Trusts will be restricted from plundering nurses’ training funds after the government backed calls to “protect” education budgets.
Senior figures have told Nursing Times the move could see an end to the £5bn NHS training budget being treated as an easy target for cuts.
The government’s full response to the NHS Future Forum report, published last week, said it agreed with those who felt that education and training funding should be “protected”.
It said “transparent systems” would be established to ensure “organisations in receipt of education and training money are held to account for using it for the education and training of the NHS workforce”.
A national education and training outcomes framework will be developed, setting out expectations on providers, and health secretary Andrew Lansley will be placed under “an explicit duty…to maintain a system for professional education and training”.
Many clinical leaders are interpreting the proposals to mean that training budgets funding will be ring-fenced. A spokesman for the Academy of Medical Royal Colleges said that while the government “hasn’t used the words ’ring-fenced budget’” in its response this week, “that’s clearly the implication”.
Royal College of Nursing acting education advisor Gill Robertson agreed, saying: “I’m hoping that if education and training funding is to be protected that it means exactly that.”
But she questioned who would hold providers to account and emphasised that Health Education England, which from April 2013 will allocate training money and oversee how it is spent, needed “teeth”.
Ms Robertson also highlighted the fact that places on pre-registration nursing courses had been cut this year and said it was no good ring-fencing the budget while reducing the overall funding pot.
There are no figures on how much of the £5bn multi-professional education and training budget (MPET) – of which about £2bn is for “non-medical” staff - is spent in the way it is intended.

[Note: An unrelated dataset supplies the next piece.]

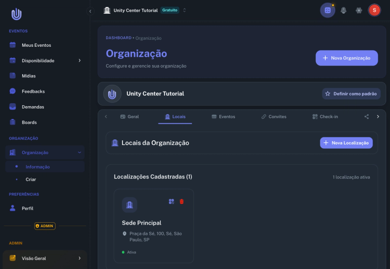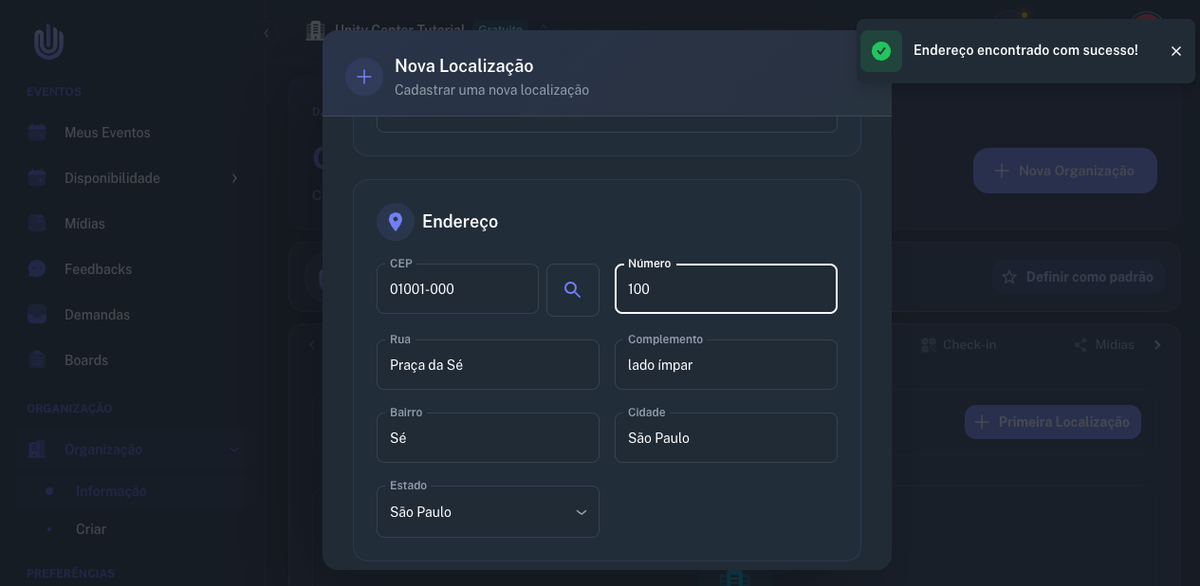 Aprenda a criar unidades (localizações) na sua organização — cadastre endereços com busca automática por CEP.

But anecdotally it is widely agreed that the money is often diverted to other areas, especially when finances are tight.
University of the West of England pro vice-chancellor and executive dean Helen Langton, a former nurse, said: “Some trusts spend it on what it’s meant to be spent on but it can be easy to divert and hide the money.”
Three years ago, Nursing Times’ Time Out for Training campaign won guarantees from seven of the 10 strategic health authorities, which are in charge of distributing the money, to invest MPET budgets entirely in training during 2008-09.
But analysis by Nursing Times last month showed in 2010-11 SHAs underspent MPET budgets by hundreds of millions of pounds and training money was being used to meet the government’s pledge to recruit 4,200 health visitors.
Council of Deans of Health policy director Matthew Hamilton said: “SHAs are allocated part of the MPET budget but it’s not always exactly clear how much of that is spent on education and training.”
The proposals in the government document would “make it much clearer how much is spent [on education] and on what it is spent,” he said.
The plans will be set out in more detail this autumn.
Meanwhile, Nursing Times has discovered this week that money from the “non medical education fund” – much of which is meant to support pre-registration nurses’ training – is being used to compensate trusts for training junior doctors on placements.
In South East Coast, £1.2m of NMET money is being diverted for this purpose.
This is despite the fact that pre-registration nursing placements are already underfunded nationally by around £400m a year, while undergraduate medical placements are overfunded by around £120m.
Ms Robertson said it was unacceptable for NMET to be used “for propping up medical staff”.
An SHA spokeswoman said: “These monies are not ring-fenced for individual training streams, and the SHA makes funding decisions…to ensure the best outcomes for the NHS in the South East Coast.”
How the government plans to “protect” training:
*Transparent systems to hold organisations to account for spending money on education and training
*National education and training outcomes framework to set out expectations on providers
*”Explicit duty” for the health secretary to maintain a system for professional education and training
*Health Education England to be launched in April 2013 to allocate training funds to local “networks” of trusts and oversee how money is spent.
*The government will “emphasise the importance of the right investment in education and training” to ensure the right values, behaviours and team-working are developed.